Concurrency and Parallelism

Every backend system must deal with one fundamental reality:

Thousands of users interact with the system at the same time.

When a user opens a website, sends an API request, uploads a file, or processes a payment, the server must respond quickly—even when thousands of other users are doing the same thing simultaneously.

If a backend server processed requests one by one, like a single checkout counter at a grocery store, the system would quickly become unusable.

Instead, modern systems rely on two powerful ideas:

Concurrency
Parallelism

These concepts allow software to handle many tasks efficiently, ensuring applications stay responsive even under heavy load.

Understanding them is one of the most important mental models for backend engineers.

Introduction: Why Your Computer Needs to Juggle

Imagine a web server that can only process one request at a time.

Scenario:

User A sends a request.
The server starts processing it.
The server queries the database.
The database takes 100ms to respond.

During this time:

The server is doing nothing
The CPU is idle
Other users are waiting

This is extremely inefficient.

Now imagine 1,000 users trying to access the system.

If the server processes requests sequentially, the system becomes painfully slow.

The solution is to design systems that can manage multiple tasks at once.

This is where concurrency and parallelism come in.

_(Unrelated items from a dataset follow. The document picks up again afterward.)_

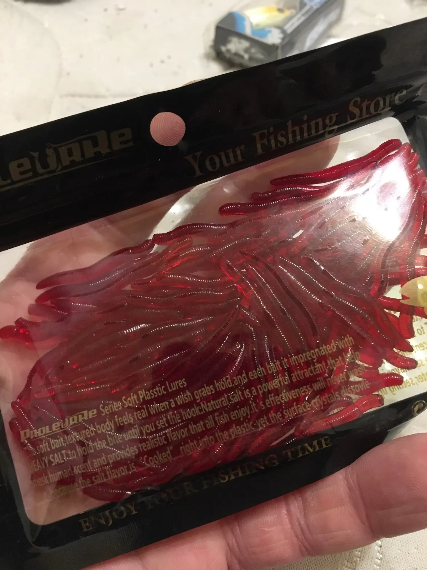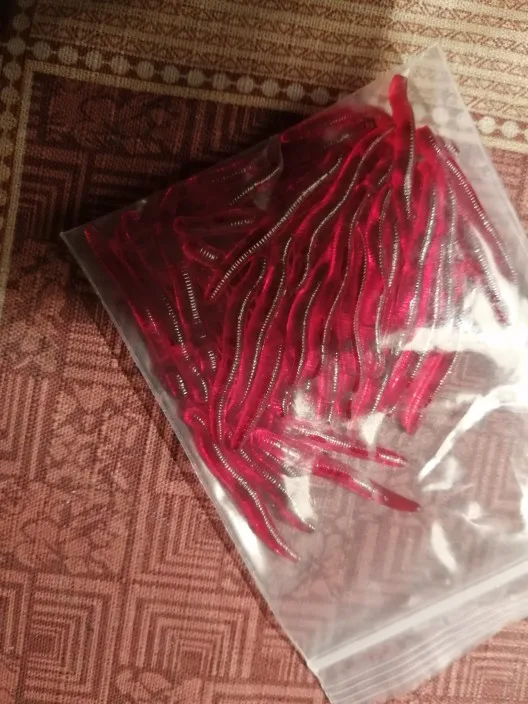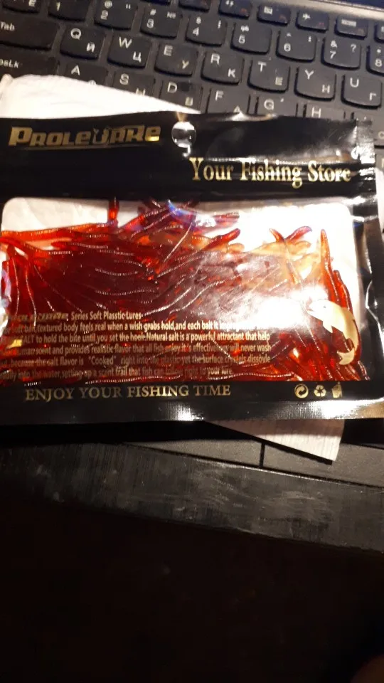 сам не рыбак , брал в подарок. сразу скажу на картинке гораздо больше чем на самом деле особенно воблеры. рыбный запах присутствует , крючки острые хорошие , на червей говорят берет лучше чем на живых. в цулом достаточно качественный товар.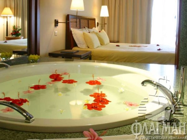 - 96 Junior Suites (68 м², макс. 3 или 2+2 реб до 18 лет). Номера улучшенной планировки. Спальня с кроватью king size, более просторная зона отдыха, небольшой обеденный стол, меблированный балкон или терраса, ванная комната с ванной, душем и небольшой гардеробной. Вид на сад и частично на океан. 2 номера подходят для людей с ограниченными возможностями. Есть номера interconnecting.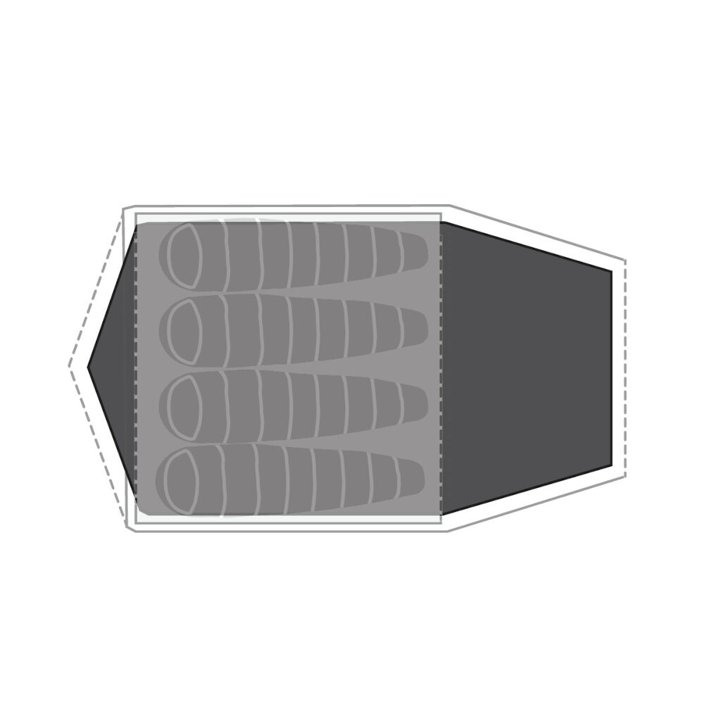 Underlag/footprint til Robens Lago Flex 4 teltet. Reducerer mængden af fugt, der trænger op fra jorden, og giver en tør overflade til opbevaring og madlavning. Beskytter også teltet mod slid og skader.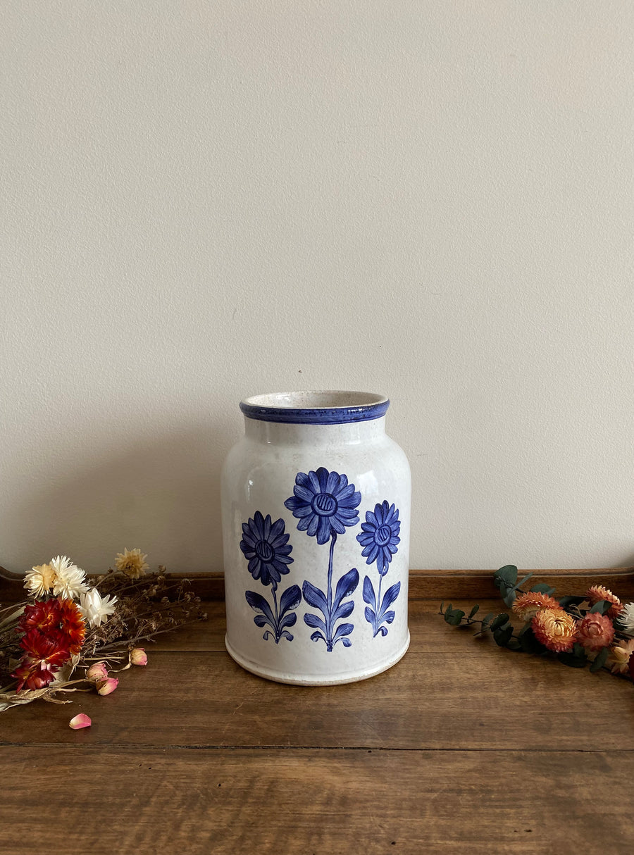 Joli pot en céramique blanche décoré de trois marguerites bleues.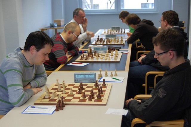 Am Ortseingang wurde der tiefgreifende Aufstellungspoker beendet und mir wurde mitgeteilt: "Du spielst an Brett 4!" Vorher musste Martin noch hoch-und-heilig versprechen am Spitzenbrett zu gewinnen und Simon platzierte sich an Brett 3. Dabei stellte er fest, dass dieses Brett eigentlich das wichtigste ist, denn im Zusammenspiel mit dem 1. Brett konnte das Spiel in die richtige Richtung gestaltet und die Punkte mit elbabwärts genommen werden.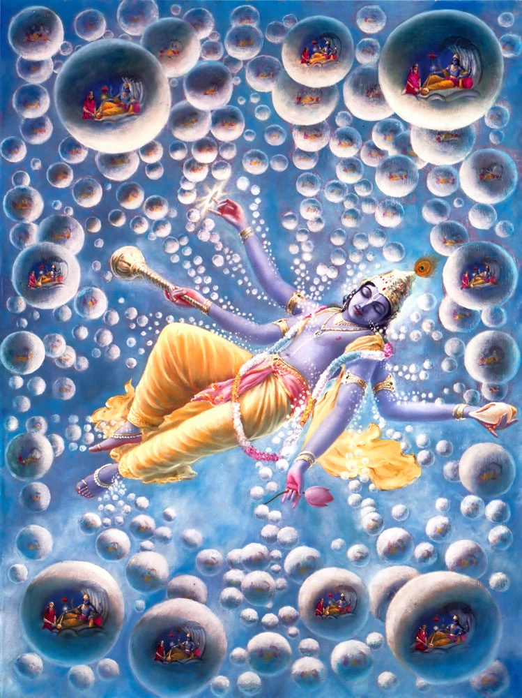 The second expansion, Garbhodakasayi Visnu, enters all the universes to create diversities in each of them. From the navel of Garbhodakasayi Vishnu has sprung the stem of a lotus flower, the birthplace of Brahma, who is the father of all living beings and master of all the demigod engineers.

1. The High Cost of Doing Nothing

To understand why concurrency matters, we must understand how slow I/O operations are compared to CPU operations.

CPU Speed

Modern CPUs can execute roughly:


~3 million instructions per millisecond

Network Latency

A typical database request might take:


~100 milliseconds

During that time:


100ms × 3,000,000 instructions = 300 million instructions

That means the CPU could have executed 300 million operations, but instead it sat idle waiting for the network.

This happens constantly in backend systems.

Typical waiting operations include:

Database queries
API calls
File reads
Cache lookups
Network communication

Because of this, most backend systems spend:


70% – 95% of their time waiting

This makes them I/O-bound.

Concurrency solves this waste.

Instead of waiting idly, the system switches to other work while waiting for I/O.

2. The Core Concepts: Dealing With vs Doing

Although often confused, concurrency and parallelism are different ideas.

The easiest way to understand them is this:

Concept	Meaning
Concurrency	Dealing with multiple tasks
Parallelism	Doing multiple tasks

Concurrency

Concurrency means:

Structuring a program so multiple tasks can progress independently.

Even with a single CPU core, tasks can appear to run simultaneously by rapidly switching between them.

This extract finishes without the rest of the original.